New health sensing tool measures lung function over a phone call, from anywhere in the world

SpiroCall enables patients to measure lung function over a phone call. It is designed to work with any type of phone around the world, not just smartphones.
Most people in the developing world who have asthma, cystic fibrosis or other chronic lung diseases have no way to measure how well their lungs are functioning outside of a clinic or doctor visit. But many do have access to a phone, though it may be a 10-year-old flip phone or a communal village landline instead of the latest app-driven smartphone.
That’s why University of Washington computer science and engineering and electrical engineering researchers have developed SpiroCall, a new health sensing tool that can accurately measure lung function over a simple phone call.
A paper to be presented shows that SpiroCall’s results came within 6.2 percent of results from clinical spirometers used in hospitals and doctor’s offices, meaning it meets the medical community’s standards for accuracy.

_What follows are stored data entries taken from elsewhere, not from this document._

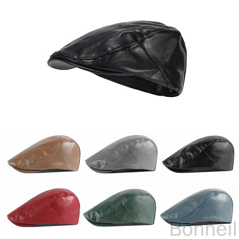 レザー ハンチング 帽子 PU モナコハンチング レディース メンズ キッズ ダンス小物 55-59CM 調整可能 ブラック グレー ブラウン グリーン レッド ヴィンテージ風 シンプル コーディネート コーデ ワンポイント 定番 ベーシック モード系 柔らかい おしゃれで快適な着用感の
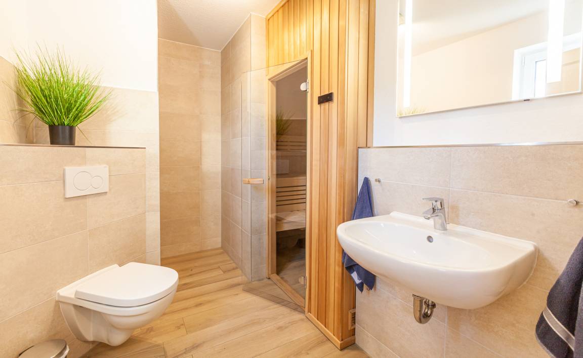 ... und ist ausgestattet mit drei Schlafräumen (1x1 Doppelbett, 1x1 Doppelbett, 1x2 Einzelbetten) jeweils mit zusätzlichen Verdunklungsmöglichkeiten, einem Wohnbereich mit Kamin und einer Küchenzeile (Mikrowelle, Cerankochfeld, Backofen, Kühlschrank mit Gefrierfach, Spülmaschine, Kaffeemaschine), zwei Bädern (1 x bodengleiche Dusche / WC und Sauna,
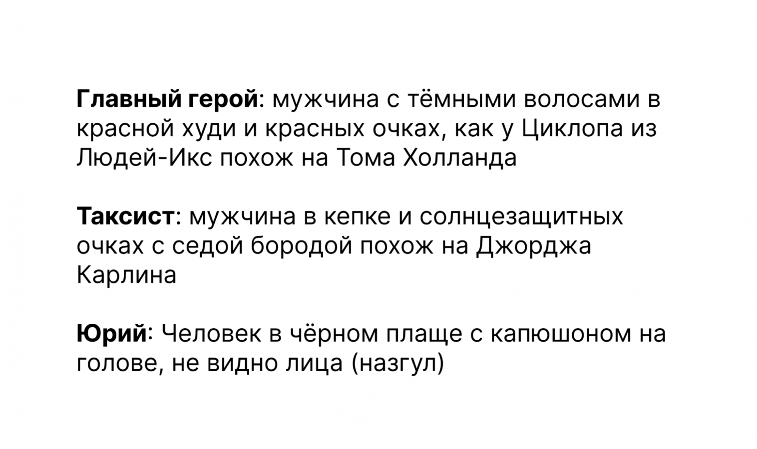 Изначально мы определили для себя визуальное описание для каждого действующего лица комикса.
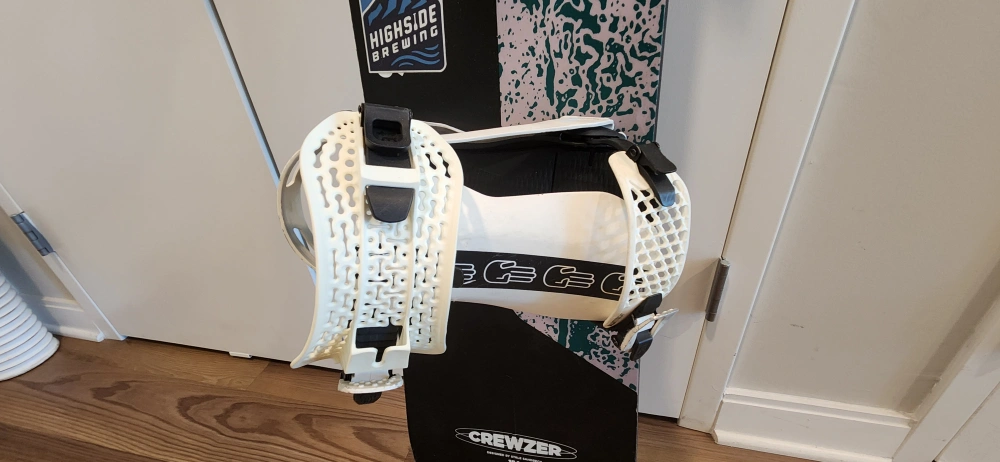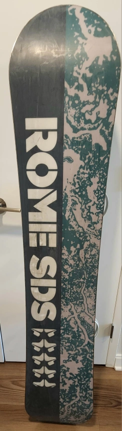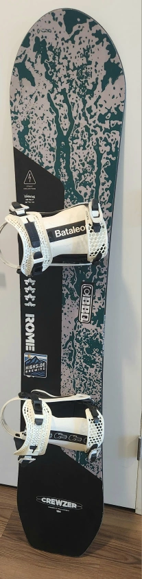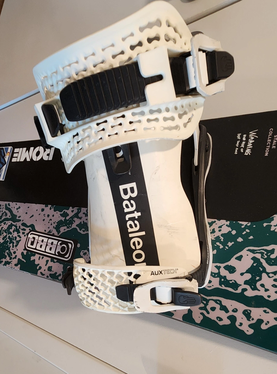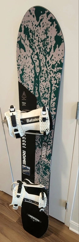 Selling a Rome SDS snowboard paired with Bataleon bindings! The bindings are white and feature AuxTech technology. The board has a unique design with green and black accents. Perfect for hitting the slopes!
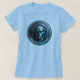 Una gran camiseta de una mujer de ciencia ficción con una escalofriante máscara de robot azul con efecto metálico. El texto dice "Auge del AIN", pero puedes cambiarlo si quieres. Es un guiño en la dirección de cómo la inteligencia artificial podría conducir a un futuro terrible donde las máquinas tienen dominio sobre los humanos.
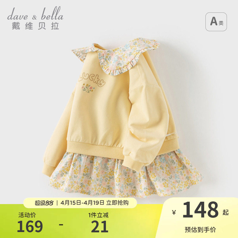 戴维贝拉女童连衣裙2026新款春装儿童长袖卫衣裙宝宝拼接裙子洋气
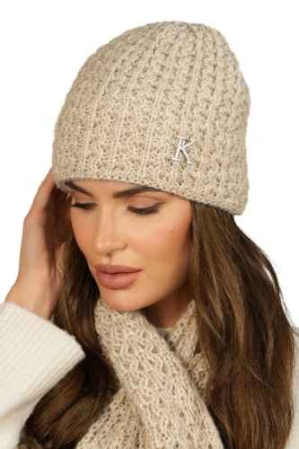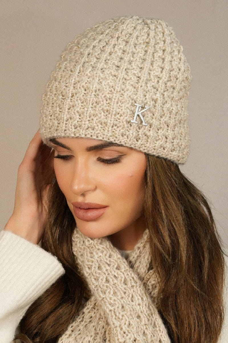 Zimowa Czapka Z Lurexem Ozdoobiona Literką "K" Kolor Beżowy Kamea-Kosmos

‘We wanted to be able to measure lung function on any type of phone you might encounter around the world – smartphones, dumb phones, landlines, pay phones,’ said Shwetak Patel, Washington Research Foundation endowed professor of computer science & engineering and electrical engineering at the UW. ‘With SpiroCall, you can call a 1-800 number, blow into the phone and use the telephone network to test your lung function.’
In 2012, researchers from the UW’s UbiComp Lab introduced SpiroSmart – which lets people monitor their lung function by blowing into their smartphones.
The patients take a deep breath in and exhale as hard and fast as they can until they can’t exhale any more. The phone’s microphone senses sound and pressure from that exhalation and sends the data to a central server, which uses machine learning algorithms to convert the data into standard measurements of lung function.